The formal discussant of this trial, Lisa Carey, MD, associate professor of medicine and medical director at the University of North Carolina Breast Center in Chapel Hill, said that the phase II trial of iniparib generated great enthusiasm and high expectations. However, the phase III results did not bear this out, even though the drugs were the same and the patient characteristics were the same.
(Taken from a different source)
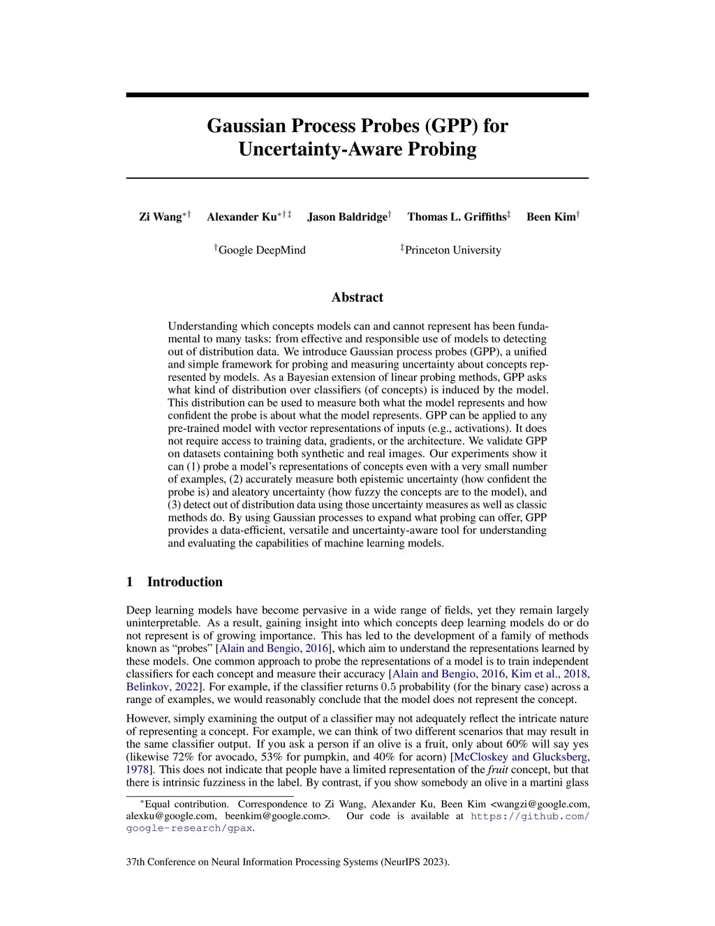 Understanding which concepts models can and cannot represent has been fundamental to many tasks: from effective and responsible use of models to detecting out of distribution data. We introduce Gaussian process probes (GPP), a unified and simple framework for probing and measuring uncertainty about concepts represented by models. As a Bayesian extension of linear probing methods, GPP asks what kind of distribution over classifiers (of concepts) is induced by the model. This distribution can be used to measure both what the model represents and how confident the probe is about what the model represents. GPP can be applied to any pre-trained model with vector representations of inputs (e.g., activations). It does not require access to training data, gradients, or the architecture. We validate GPP on datasets containing both synthetic and real images. Our experiments show it can (1) probe a model's representations of concepts even with a very small number of examples, (2) accurately measure both epistemic uncertainty (how confident the probe is) and aleatory uncertainty (how fuzzy the concepts are to the model), and (3) detect out of distribution data using those uncertainty measures as well as classic methods do. By using Gaussian processes to expand what probing can offer, GPP provides a data-efficient, versatile and uncertainty-aware tool for understanding and evaluating the capabilities of machine learning models.

Carey said that TNBC is biologically heterogeneous, and this may account for the difference between the phase II and III trials. “We will always be misclassifying some of these tumors,” she said. “The direction of effects was the same as the phase II trial, and the difference may be quantitative rather than qualitative.”

“It would be hard to argue that GCI is the preferred regimen for triple-negative breast cancer, but it is a regimen,” said Carey. “The role of iniparib is a work in progress.”

Iniparib may not be a true PARP inhibitor because it has 1000 times lower PARP activity compared with other PARP inhibitors. “There is a question mark about its mechanism of action,” she said. “It does not have additive toxicity, unlike others in its class.”

Future research will focus on the best partner and setting for iniparib, and improved understanding of the drug’s mechanisms of action.

O'Shaughnessy J, Schwartzberg LS, Danso MA, et al. A randomized phase III study of iniparib in combination with gemcitabine/carboplatin in metastatic triple-negative breast cancer. J Clin Oncol. 2011;29(suppl; abstr 1007).